The only example I could find is this one: https://github.com/ymartin59/java-kerberos-sfudemo (thanks Yves Martin for that!)
Now to my problem... After my authentication I basically end up with the username of the authenticated user (see "clientName" in code above).
Do we really need to use the S4U2self mechanism to impersonate the user here?
The client just sent us it's Kerberos Service Ticket (wrapped in the SPNEGO token I can't decode).
Ideally we should be able to use that service ticket and my own service's TGT to authenticate the user (using the S4U2proxy mechanism)?
But I do not understand how.
So now I'm wondering if it's possible to tie together our SPNEGO authentication with S4U2proxy delegation?
Many thanks for any input on this.
I've actually been doing something like this recently but am using spring security kerberos. I put an example on github here. The key thing that I found that I needed set up to use constrained delegation like you want it and S4U2Proxy was to make sure (if you're using Oracle/OpenJDK) you set isInitiator=true in your JAAS Config so that when getDelegCred is called you get back a Krb5ProxyCredential. See comment here. With that credential, you can use it to create service ticket tokens on the Users behalf for the services you are constrained to use in the normal fashion, like this.
I've done a lot of investigation on Kerberos constrained delegation, and finally I've figured out the correct way of doing it using Java.
Settings on Domain Controller
1) No Delegation: Do not trust this account for delegation
You (service user) can not get delegated credentials of the user. It means you can not perform any task on end user's behalf.
At the most you can do is to accept the incoming ticket from the user(usually browser) and get it verified by passing it to KDC. In response, KDC will tell you for which user(or principal) this ticket is issued to, but no credentials will be passed.
2) Unconstrained Delegation: Trust this account for delegation to any service (Kerberos only)
With this option, you (service user) get the delegated credentials of the user. Moreover, what you get is a TGT of the user. Using this TGT, you can request TGS (service ticket) on user's behalf for any service.
3) Trust this account for delegation to specified services (Kerberos only)
Here, you specify the services to which you can use the delegated credentials. It means when this option is enabled, you get the delegated credentials, however, you are allowed to use them only to get end user's TGS for the specified services.

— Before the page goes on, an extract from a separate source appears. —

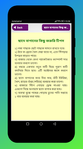 বাগান করা একটি শখের বিষয়। অনেকেই বাগান করতে চান কিন্তু উপযুক্ত গাইডলাইন না থাকায় হয়ে উঠে না। বাগান করার নিয়ম অ্যাপের মাধ্যমে আপনি খুব সহজেই বাড়ির ছাদে ফলের বাগান, ফুলের বাগান করতে পারবেন। আপনি যদি নিজেই শখ হিসেবে বাগান করতে পারেন তাহলে কষ্ট করে আমার শখ বাগান করা অনুচ্ছেদ বা রচনা শিখতে হবেনা। যারা হোম কোয়ারান্টাইনে আছেন, সময় কাটানোর কি করা যায় ভাবেছেন তারা এখন খুব সহজেই বাগান করে অবসর সময় পার করতে পারেন।

Another important point is, you must have end user's TGS (end user's TGS for your web app). Then using this TGS, you can request KDC the end user's TGS for another service.

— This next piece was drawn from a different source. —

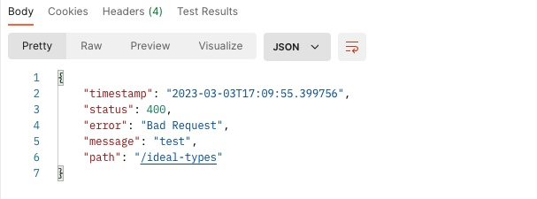 그럼이제 이렇게 보였던 에러 메세지가 → 오른쪽처럼 커스텀하고 더 명확하게 핸들링해서 요청자에게 응답메세지를 보내줍니다.

4) Trust this account for delegation to specified services (Any Protocol)
This is also known as protocol transition. In this option also, you need to specify the services for which you can request the TGS to KDC on user's behalf.
You (service user) are allowed to 'impersonate' the end user, without having any kind of ticket from the end user. You can impersonate any user, and get TGS for the specified services.

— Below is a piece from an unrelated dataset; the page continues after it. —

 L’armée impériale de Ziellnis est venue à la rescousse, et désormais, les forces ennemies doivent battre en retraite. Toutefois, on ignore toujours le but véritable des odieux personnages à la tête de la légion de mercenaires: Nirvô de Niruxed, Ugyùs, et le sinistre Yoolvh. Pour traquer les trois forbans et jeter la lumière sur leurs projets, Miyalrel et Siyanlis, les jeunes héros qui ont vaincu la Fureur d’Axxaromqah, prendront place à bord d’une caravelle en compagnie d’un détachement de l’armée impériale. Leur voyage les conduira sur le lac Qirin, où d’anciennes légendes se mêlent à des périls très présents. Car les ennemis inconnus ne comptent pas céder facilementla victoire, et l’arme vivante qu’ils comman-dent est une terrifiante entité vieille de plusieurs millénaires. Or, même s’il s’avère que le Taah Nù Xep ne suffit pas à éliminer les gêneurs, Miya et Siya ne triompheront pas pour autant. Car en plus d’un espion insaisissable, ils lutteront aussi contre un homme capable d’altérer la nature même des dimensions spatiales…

This option is useful for backgroung processes or schedulars where end user interaction is not possible.
Java Code Samples
1) Getting Delegated Credentials (useful in option 2 and 3 stated above)
// ---------------------------------
// step 1: Login using service user credentials and get its TGT
// ---------------------------------
Subject subject = new Subject();
Krb5LoginModule krb5LoginModule = new Krb5LoginModule();
Map<String,String> optionMap = new HashMap<String,String>();
optionMap.put("keyTab", "c:\\ticket\\sapuser.keytab");
optionMap.put("principal", "HTTP/TEST"); // SPN you mapped to the service user while creating the keytab file
optionMap.put("doNotPrompt", "true");
optionMap.put("refreshKrb5Config", "true");
optionMap.put("useTicketCache", "true");
optionMap.put("renewTGT", "true");
optionMap.put("useKeyTab", "true");
optionMap.put("storeKey", "true");
optionMap.put("isInitiator", "true"); // needed for delegation
optionMap.put("debug", "true"); // trace will be printed on console
krb5LoginModule.initialize(subject, null, new HashMap<String,String>(), optionMap);
krb5LoginModule.login();
krb5LoginModule.commit();
// ---------------------------------
// Step 2: Use login context of this service user, accept the kerberos token (TGS) coming from end user
// ---------------------------------
public GSSCredential validateTicket(byte[] token) {
try {
return Subject.doAs(this.serviceSubject, new KerberosValidateAction(token));
}
catch (PrivilegedActionException e) {
throw new BadCredentialsException("Kerberos validation not successful", e);
}
}
private class KerberosValidateAction implements PrivilegedExceptionAction<GSSCredential> {
byte[] kerberosTicket;
public KerberosValidateAction(byte[] kerberosTicket) {
this.kerberosTicket = kerberosTicket;
}
#Override
public GSSCredential run() throws Exception {
byte[] responseToken = new byte[0];
GSSName gssName = null;
GSSContext context = GSSManager.getInstance().createContext((GSSCredential) null);
while (!context.isEstablished()) {
responseToken = context.acceptSecContext(kerberosTicket, 0, kerberosTicket.length);
gssName = context.getSrcName();
if (gssName == null) {
throw new BadCredentialsException("GSSContext name of the context initiator is null");
}
}
//check if the credentials can be delegated
if (!context.getCredDelegState()) {
SecurityLogger.getLogger().error("Credentials can not be delegated. Please make sure that delegation is enabled for the service user. This may cause failures while creating Kerberized application.");
return null;
}
// only accepts the delegated credentials from the calling peer
GSSCredential clientCred = context.getDelegCred(); // in case of Unconstrained Delegation, you get the end user's TGT, otherwise TGS only
return clientCred;
}
}
// ---------------------------------
// Step 3: Initiate TGS request for another service using delegated credentials obtained in previous step
// ---------------------------------
private Object getServiceTicket(GSSCredential clientCred) throws PrivilegedActionException {
Object o = Subject.doAs(new Subject(), (PrivilegedExceptionAction<Object>) () -> {
GSSManager manager = GSSManager.getInstance();
Oid SPNEGO_OID = new Oid("1.3.6.1.5.5.2");
Oid KRB5_PRINCIPAL_OID = new Oid("1.2.840.113554.1.2.2.1");
GSSName servicePrincipal = manager.createName("HTTP/TEST", KRB5_PRINCIPAL_OID); // service to which the service user is allowed to delegate credentials
ExtendedGSSContext extendedContext = (ExtendedGSSContext) manager.createContext(servicePrincipal, SPNEGO_OID, clientCred, GSSContext.DEFAULT_LIFETIME);
extendedContext.requestCredDeleg(true);
byte[] token = new byte[0];
token = extendedContext.initSecContext(token, 0, token.length); // this token is the end user's TGS for "HTTP/TEST" service, you can pass this to the actual HTTP/TEST service endpoint in "Authorization" header.
return token;
});
return o;
}
2) Getting Impersonated Credentials (useful in option 4 stated above)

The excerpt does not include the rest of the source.